START DATA SHOWN

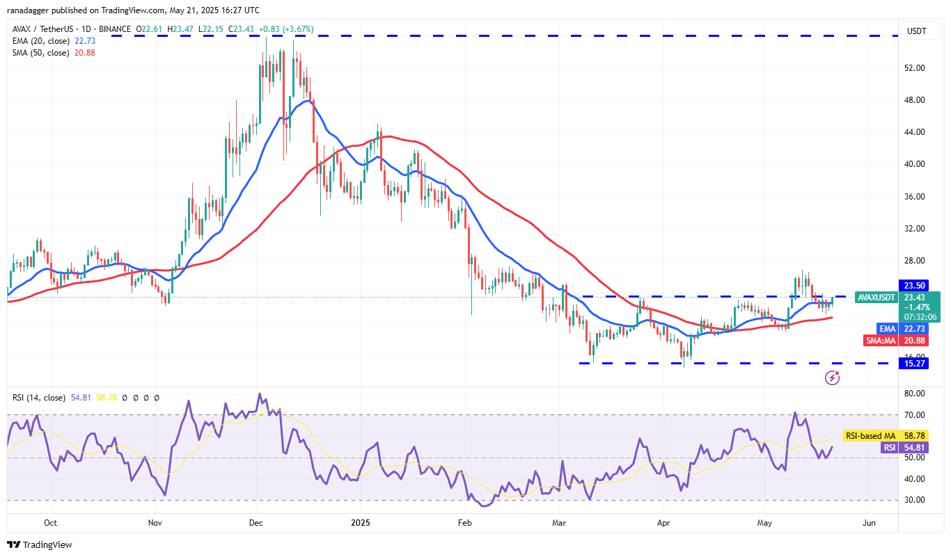 Lawine (Avax) Nutzte Unterstützung bei der 50-tägigen SMA (20,88 USD) und signalisierte, dass die Bullen versuchen, ein höheres Tief zu bilden.
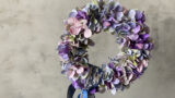 写真は実際に動画で制作したユーカリのリースで、制作から1ヶ月ほどたったリースの姿です。柔らかかった葉が乾燥してパリッとしていますが、飾った雰囲気はどこか柔らかく暖かいです。
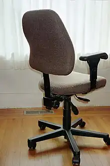 Las sillas giratorias pueden tener ruedas en la base que permitan al usuario mover la silla alrededor de su área de trabajo sin levantarse. Este tipo es común en las oficinas modernas y, a menudo, también se las conoce como sillas de oficina. Las sillas giratorias de oficina, al igual que las sillas de ordenador, suelen incorporar un elevador de gas para ajustar la altura del asiento, pero no suelen ser grandes (por ejemplo, reclinables) sillones giratorios.
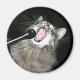 It's karaoke night at the local alley and this grey tabby cat grabs the microphone and caterwauls away for his supper photo fridge magnet
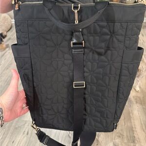 Kate Spade work tote, convertible tote with gold hardware. Fits up to a 15in Apple MacBook inside the padded slot. Lots of pockets for extra needs as well. Stylish and versatile black quilted bag for women. Perfect for everyday use. Only used a few weeks.
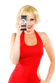 kobieta w czerwonej sukience

END DATA SHOWN

• _PROBLEM REQUIREMENTS_
Omitting all pictures, restate word for word the lines from the one containing "Las sillas giratorias pueden" through the last line of the data.

• _REPLY_
 Las sillas giratorias pueden tener ruedas en la base que permitan al usuario mover la silla alrededor de su área de trabajo sin levantarse. Este tipo es común en las oficinas modernas y, a menudo, también se las conoce como sillas de oficina. Las sillas giratorias de oficina, al igual que las sillas de ordenador, suelen incorporar un elevador de gas para ajustar la altura del asiento, pero no suelen ser grandes (por ejemplo, reclinables) sillones giratorios.
 It's karaoke night at the local alley and this grey tabby cat grabs the microphone and caterwauls away for his supper photo fridge magnet
 Kate Spade work tote, convertible tote with gold hardware. Fits up to a 15in Apple MacBook inside the padded slot. Lots of pockets for extra needs as well. Stylish and versatile black quilted bag for women. Perfect for everyday use. Only used a few weeks.
 kobieta w czerwonej sukience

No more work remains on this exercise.